The Buffalo-Chickpea Magic

Buffalo sauce and chickpeas shouldn't work as well as they do, but there's real chemistry happening. The acidity and spice wake up the earthiness of the beans while the mayo smooths everything into one cohesive, craveable mixture. I learned this by accident, but now I do it deliberately every time.

Texture Matters More Than You'd Think

The difference between a mediocre wrap and one you actually want to eat comes down to layering your textures. The crunch of fresh celery and carrots mixed with cool cucumber, creamy avocado, and soft lettuce creates an experience that keeps your mouth interested. Don't skip the vegetables or treat them as afterthoughts, because they're doing the real work.

Ways to Play with This Recipe

Once you nail the basic technique, this wrap becomes your canvas for whatever you have on hand or whatever you're craving. Swap the buffalo for a different hot sauce if you want milder heat or something with smokiness. Add diced bell peppers for even more crunch, or shredded cabbage if you want coleslaw vibes.
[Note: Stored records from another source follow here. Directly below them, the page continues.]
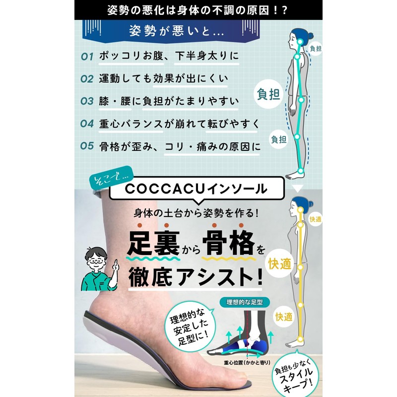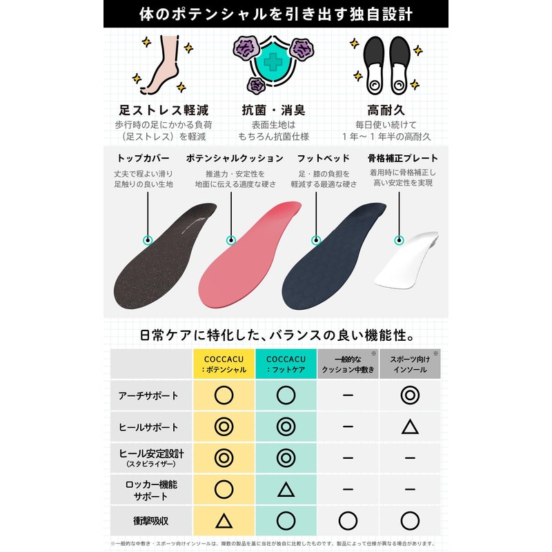 骨格インソールポテンシャル【理学療法士開発】足・膝の負担軽減&姿勢補正 疲れない 立ち仕事 美姿勢サポート 衝撃吸収 土踏まず かかとサポート 抗菌 男女...
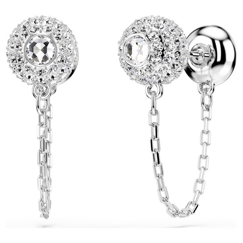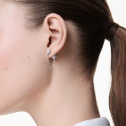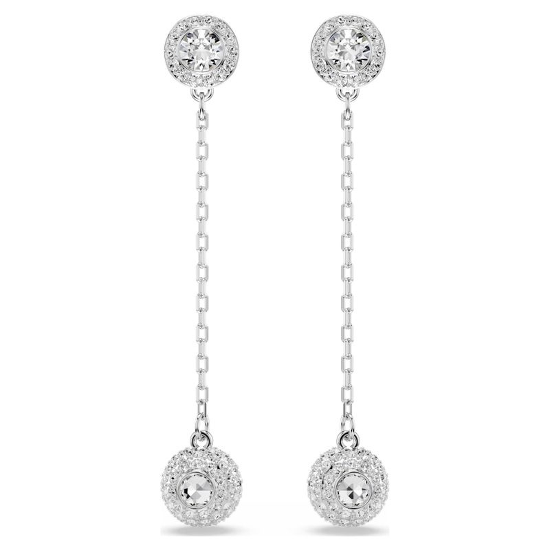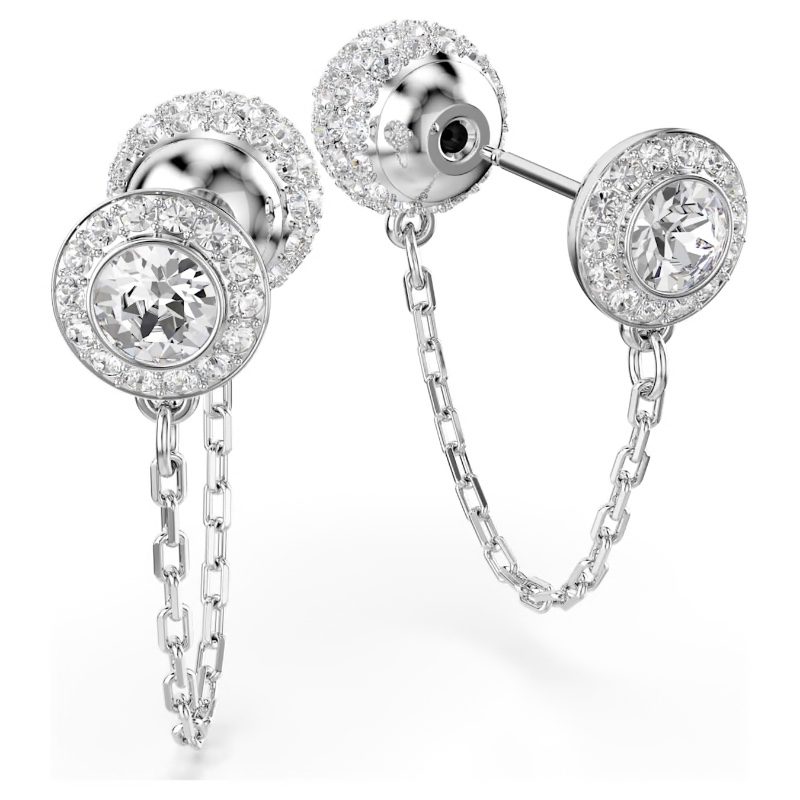 Luce un estilo maravilloso con estos brillantes pendientes de Swarovski. Cada pieza bañada en rodio presenta una larga cadena conectada a un motivo de doble cara, que ofrece una presentación diferente de cristales de talla redonda en cada lado. El motivo colgante también se puede conectar a la parte posterior del pendiente de botón para una opción de uso versátil. Mézclalos y combínalos con otras piezas de Una Angelic para crear un look de brillo máximo.
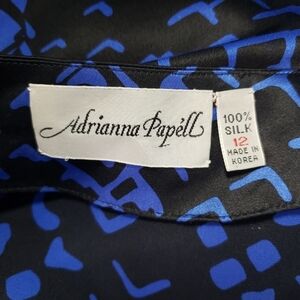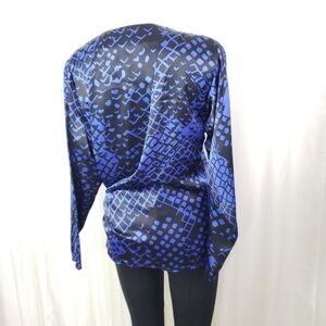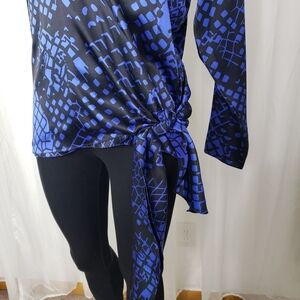 Adrianna Papell 100% silk blue black print long sleeve wrap top with side tie
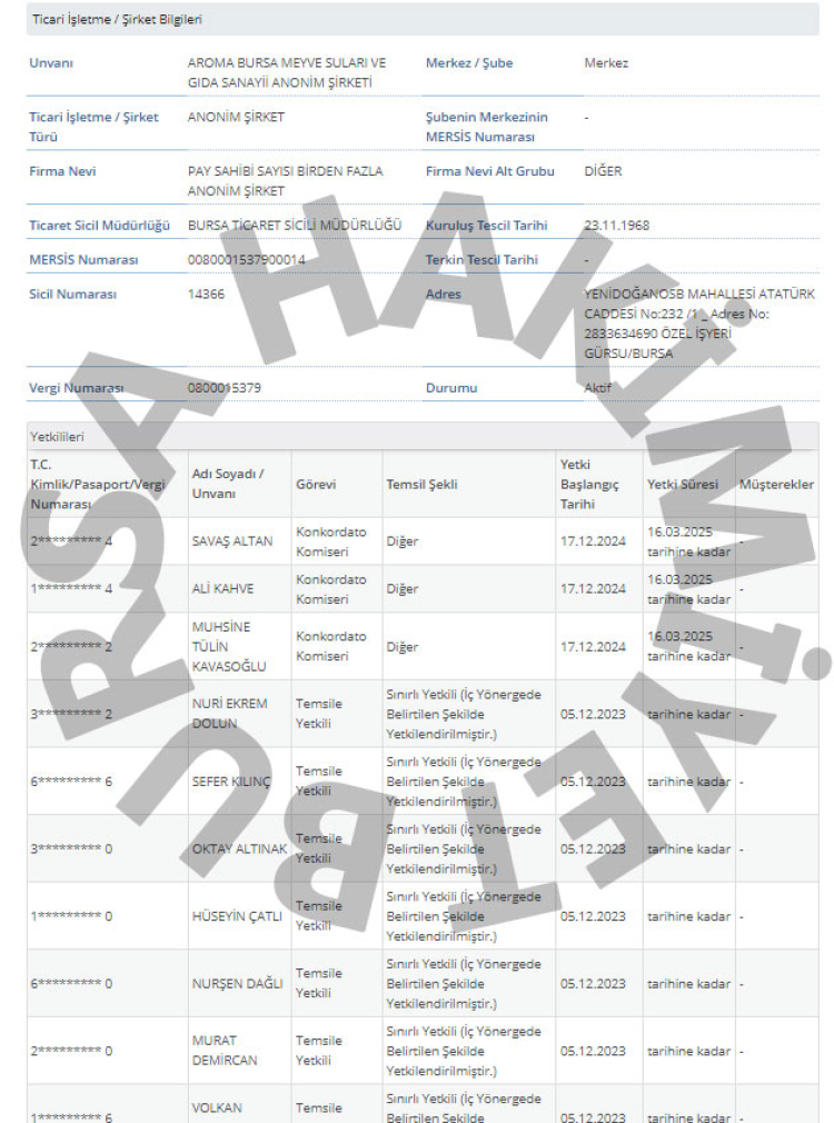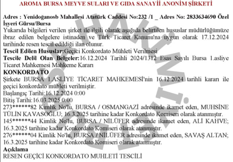 Bursa 1. Asliye Ticaret Mahkmesi, 16 Aralık 2024 tarihli kararı ile Aroma'ya geçici konkordato mühleti verdi.

The chickpea base is flexible enough to handle your creativity without falling apart.

  • Try adding diced bell peppers, shredded cabbage, or fresh herbs like cilantro for extra dimension.
  • Serve alongside vegan ranch or a creamy tahini dressing for dipping and even more flavor.
  • Make these ahead and wrap each one tightly in parchment for grab-and-go meals throughout the week.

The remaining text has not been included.